There’s no doubt about it; our weather is changing with longer dry spells and heavier more intense rain. What remains the same, only more urgent, is the need to build and protect our soils from extreme dry or wet spells, and in turn, they will look after us. So if you have garden space and don’t yet recycle your grass and other green waste from the garden mixed with egg boxes, veg peelings and toilet roll tubes start now! Size is irrelevant; any amount of composting is a good thing – protecting, building, and enriching soils is essential, an opportunity to invest in future growing seasons. Now is also the time to really focus on growing through autumn and winter. Grow6 autumn/winter begins next week to keep you sowing and growing something fresh all year round.

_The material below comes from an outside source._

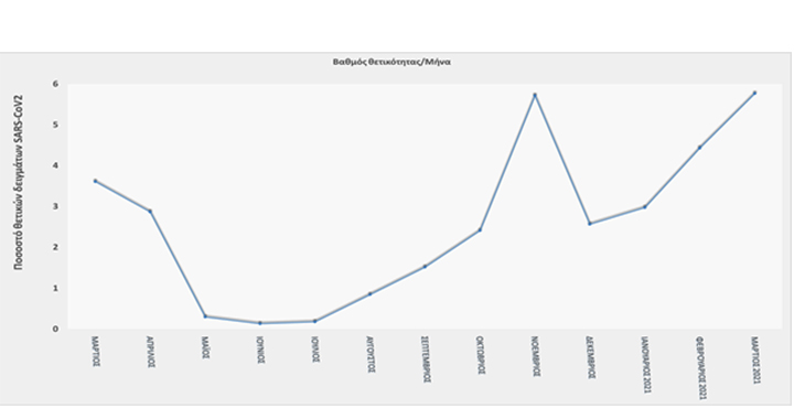 Η ομάδα του Εργαστηρίου ανέλυσε τα αποτελέσματα των ελέγχων και διαπίστωσε πως τον Μάρτιο του 2020 (όταν ξεκινούσε το πρώτο επιδημικό κύμα), 3,6% των δειγμάτων ανιχνεύονταν θετικά στο νέο κορωνοϊό Sars-Cov2. Σήμερα, το ποσοστό θετικότητας βρίσκεται στο 5,77%, υψηλότερο και από αυτό του περασμένου Νοεμβρίου ο οποίος ήταν μέχρι πρότινος ο χειρότερος μήνας.

If you’ve missed something, scroll through weekly updates or Grow6 crop pages to catch up.
Keep picking peas from late sowings to keep them flowering. Where peas are ‘spent’ (they will no longer produce pods and start to pale), cut the plants at soil level and compost them, leaving roots in the soil to nourish it. Plant ‘greens’ into the warm, wet soil on top.

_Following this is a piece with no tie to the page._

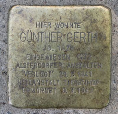 Stolperstein en memoria de Günther Gerth, Stolperstein in Hamburg-Eimsbüttel

Will they ever ripen? Some of us will be luckier than others; a few things can help: keep up a regular weekly liquid feed, remove lower leaves and extra side shoots on tall, cordon tomatoes, and hope for more sunny spells to ripen fruits growing inside and out.

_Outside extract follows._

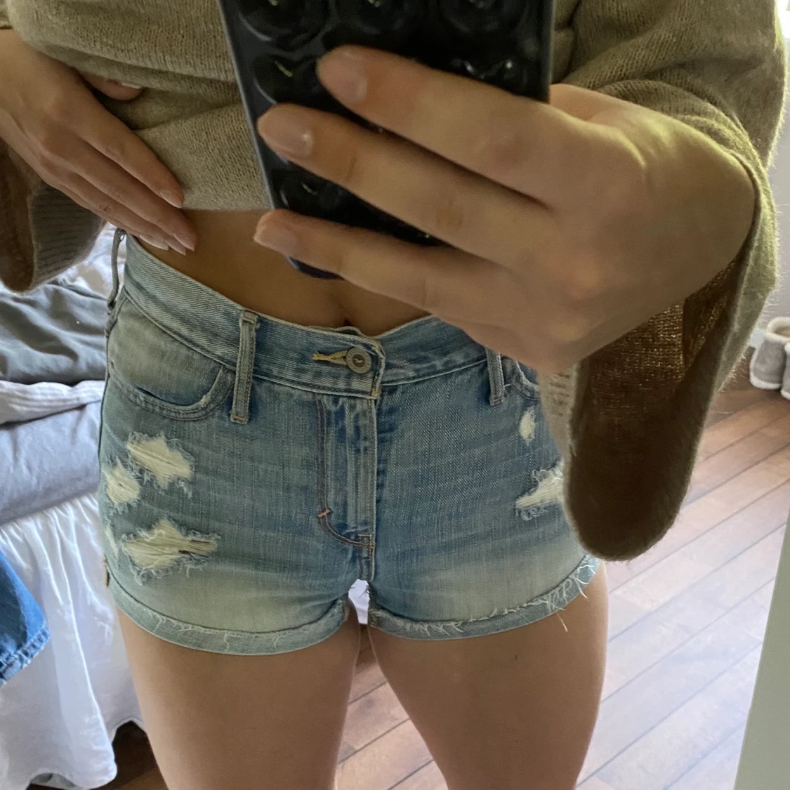Perfekta jeansshortsen till sommaren från Hollister. Använda ett fåtal gånger så de är i superfint skick. Storlek w25.

Summer strawberries and raspberries are starting to come to an end; however, the currant season is in full swing (watch out, the birds don’t swipe them ALL!), and autumn flowering raspberries will be developing flower buds. See previous posts for what to do with your early flowering canes. If you are out and about, keep an eye out in hedgerows for fruit. ‘Wild’ raspberries and strawberries are much smaller than their cultivated cousins, have great flavour and make delicious jam.
Time to get growing greens for late winter; wherever possible, sow on windowsills or under glass outside to speed germination up; try winter spinach, mixed lettuce, rocket, parsley, and coriander. If you have big gaps in your soil, you might find some young winter cabbage, kale or leek plants at your nearest community garden, allotment site or local garden centre. It’s time to get them in the soil now if they are to grow big enough to get through winter.
Spare a thought for our pollinators working hard in all this wet weather. A range of flowering herbs in pots or garden spaces ensures enough food for everyone.
Early tatties that have flowered and are yellow can be cut back and lifted. Unsure how? See One Seed Forward posts in our socials. Maincrop tatties will still be growing away but do keep a regular eye on any stems rotting, damp, humid days are perfect conditions for potato blight.